The group of blueberry companies and organizations that is opposed to potential U.S. modifications to import rules believes that it successfully made its case in a recent hearing with the International Trade Commission

On January 12, the U.S. International Trade Commission heard testimony from both sides of the U.S. blueberry industry on account of whether foreign trading partners are seriously injuring domestic growers.

The public vote is set to take place on February 11, and if an affirmative injury is determined prehearing briefs will begin as early as February 18. 

However, the Blueberry Coalition for Progress and Health doesn’t believe there was strong enough evidence to prove serious injury to the market.

Joe Barsi, of California Giant Berry Farms, on behalf of the Coalition, told FreshFruitPortal.com that in order to prove serious injury there has to be idling and closing of factories, under- and unemployment, as well as a lack of capital going into the industry.

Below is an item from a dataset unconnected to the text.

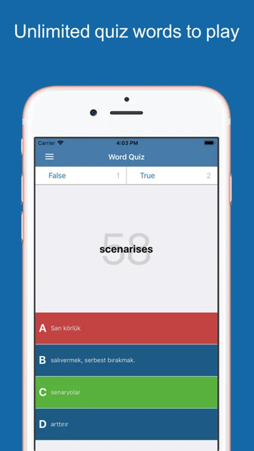 - We developed a new quiz inside Turkish dictionary! To take the quiz, you can easily tap the option icon in the top left side of the screen and choose quiz. Now, you will see a word in the screen with 4 answers, you will have to tap the answer that you think its right to see if it’s the good choice or not. Keep in mind, that there is a countdown timer and if it finishes without a reply from you, then the quiz will ends.

“I think we’ve proved our case to the ITC that none of those things are happening. In fact, we’re seeing significant growth in the blueberry industry,” Barsi said.

The majority of blueberry imports come during times when there are gaps in U.S. production, Barsi said, adding the Coalition sees these imports as more of a complement than a substitute.

According to the opposing side, the American Blueberry Growers Alliance (ABGA), pricing is the main point of contention. The group claims Latin American imports are responsible for sharp declines over recent years which it says has severely impacted many domestic growers.

Although Barsi "wouldn’t disagree that the market has come down a little bit in some shoulder windows", he stressed that the case is about serious injury to the entire domestic industry.

“The domestic industry is thriving with consumption and demand up along with a lot of momentum, so having some limitation of volumes coming in is going to negatively impact the growth of the marketplace and consumer demand," he said.

Barsi expected that if costs were to rise due to the potential imposition of market barriers like tariffs, they would be passed onto the end consumer instead of being absorbed by the supply chain.

Regardless of the decision, in order for the industry to continue to work together and grow demand, Barsi posed the question of what needs to be done to help the industries to catch up.

In Washington State and Oregon, according to Barsi, the growth of the industry has been significant with changing varieties and growing systems that allow machine harvesting.

“Some of the other states are playing catch up as it relates to [those areas]," he said.

“However, keep in mind that if they find serious injury and there is temporary relief, it is only temporary and it takes three years for a blueberry plant to start producing harvestable quantities."

“As an industry, we are all members of the U.S. Highbush Blueberry Commission, so we will continue to work together even though the media is saying David vs. Goliath, we are trying to do the right thing."

It is expected that determination, views and reports would be delivered to the President on March 29, with the deadline for the decision being May 27.